In this example the overload resolution decides that the overload someMethod(A param) should be used because that's the only overload of someMethod defined in class A (and the static type of ac is A).

At runtime it is decided which implementation of someMethod(A param) to use, but since there is only one implementation (C.someMethod(C) does not override someMethod(A) as C is more specific than A), A.someMethod(A) is chosen.

---

Your code as written will not successfully compile. You cannot say "A ac = new C();" because C does not extend A. If you claim to have run this and gotten output, you must have mis-copied something from your running code into this post.

If, for the sake of argument, your code really said "A ac = new A();", then your code still wouldn't run, because A.someMethod takes an A, not a C. The statement ac.someMethod(c) executes the function A.someMethod. ac is of type A, so executing any function against ac will get the function of that name from class A. Trying to pass a parameter of type C to a function declared to take a parameter of type A will not "switch" you to using a function from a different class that does take such a parameter. Overloading only works within a class.

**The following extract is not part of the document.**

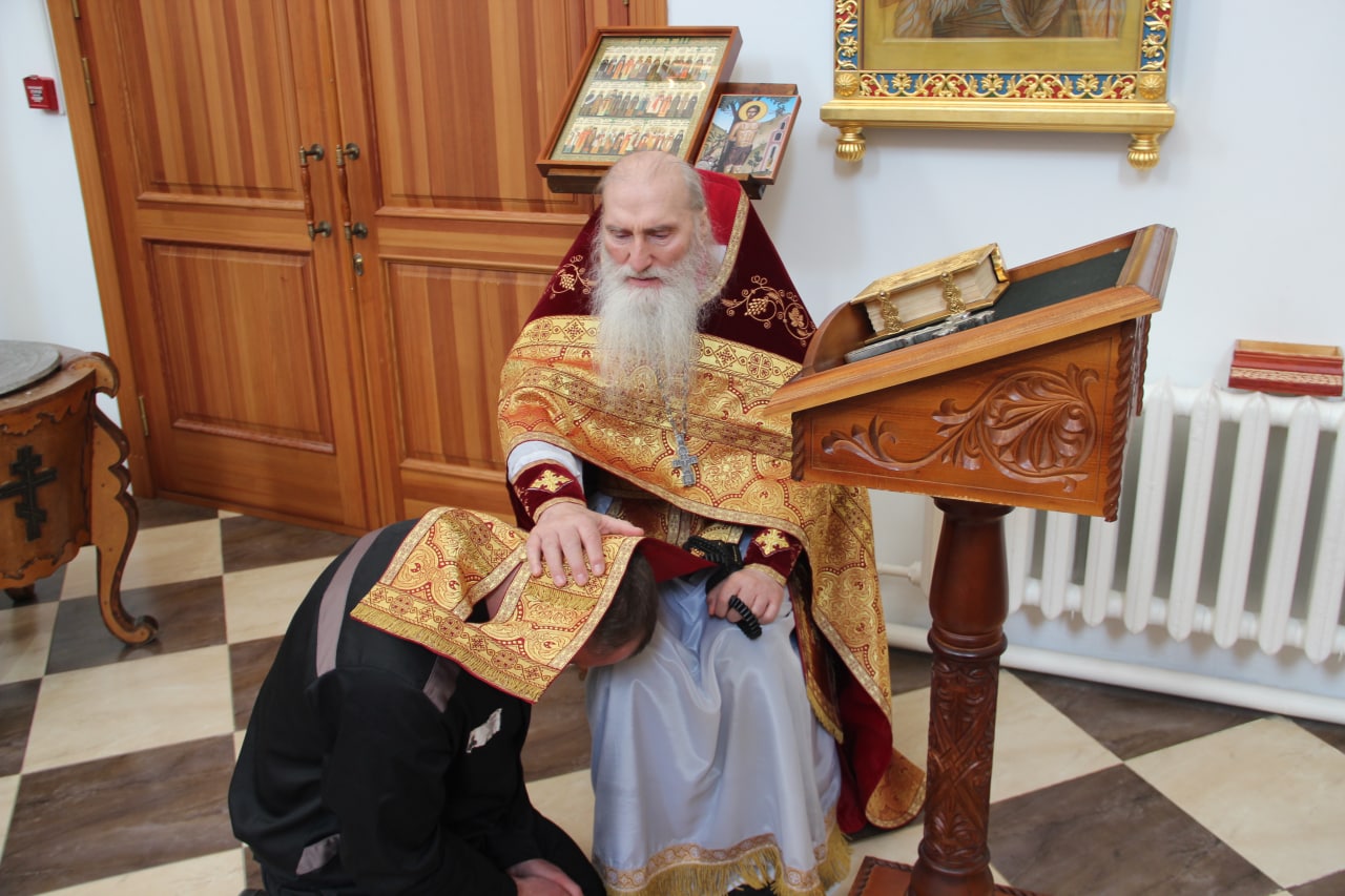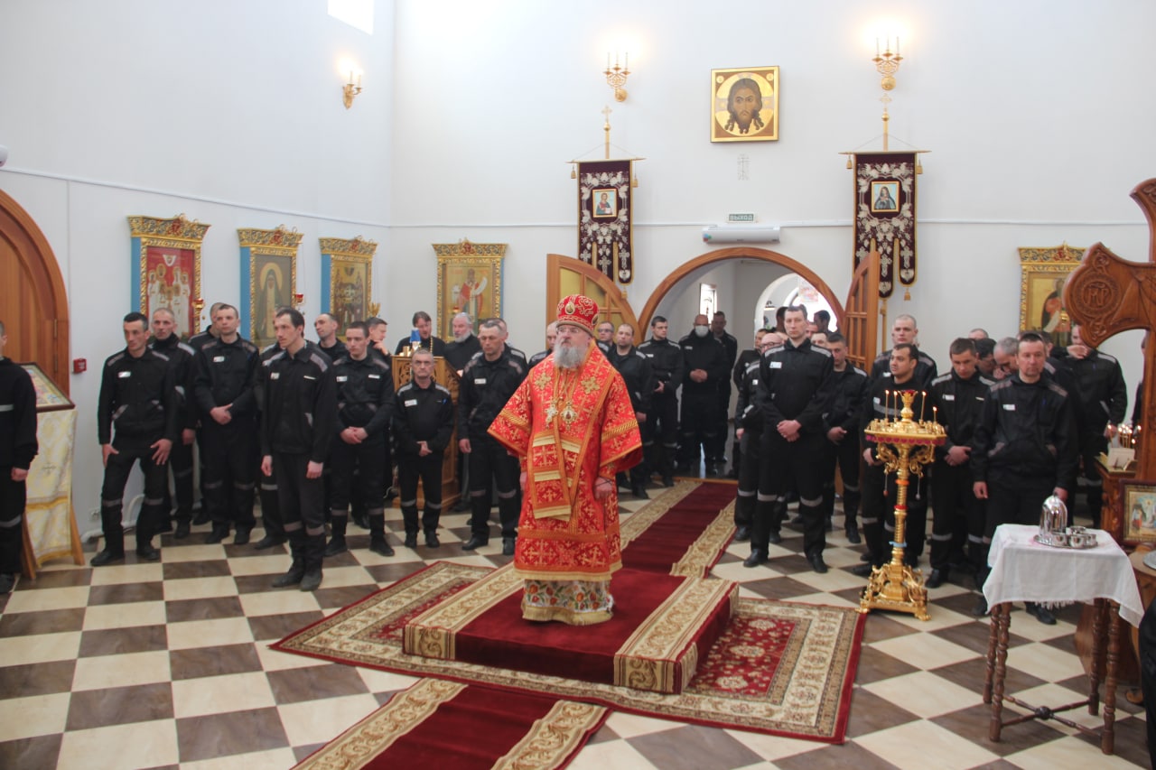 За богослужением молился начальник колонии Алексей Николаевич Зорин.

Perhaps what you're thinking of is an example more like this:

class A {
    public void someMethod(A a) {
        System.out.println("A");
    }

    public void someMethod(B b) {
        System.out.println("B");
    }
}

class Dmd {
    public static void main(String[] args) {
        A a = new A();
        B b = new B();
        a.someMethod(b);
    }
}

This will output "B".

The difference here is that the class A has two versions of the function someMethod. One of them takes an A, one takes a B. When we call it with a B, we get the B version.

Do you see how this is different from your example? You are declaring three classes each with a function someMethod. Here we have one class with two functions both named someMethod. That's very different in Java.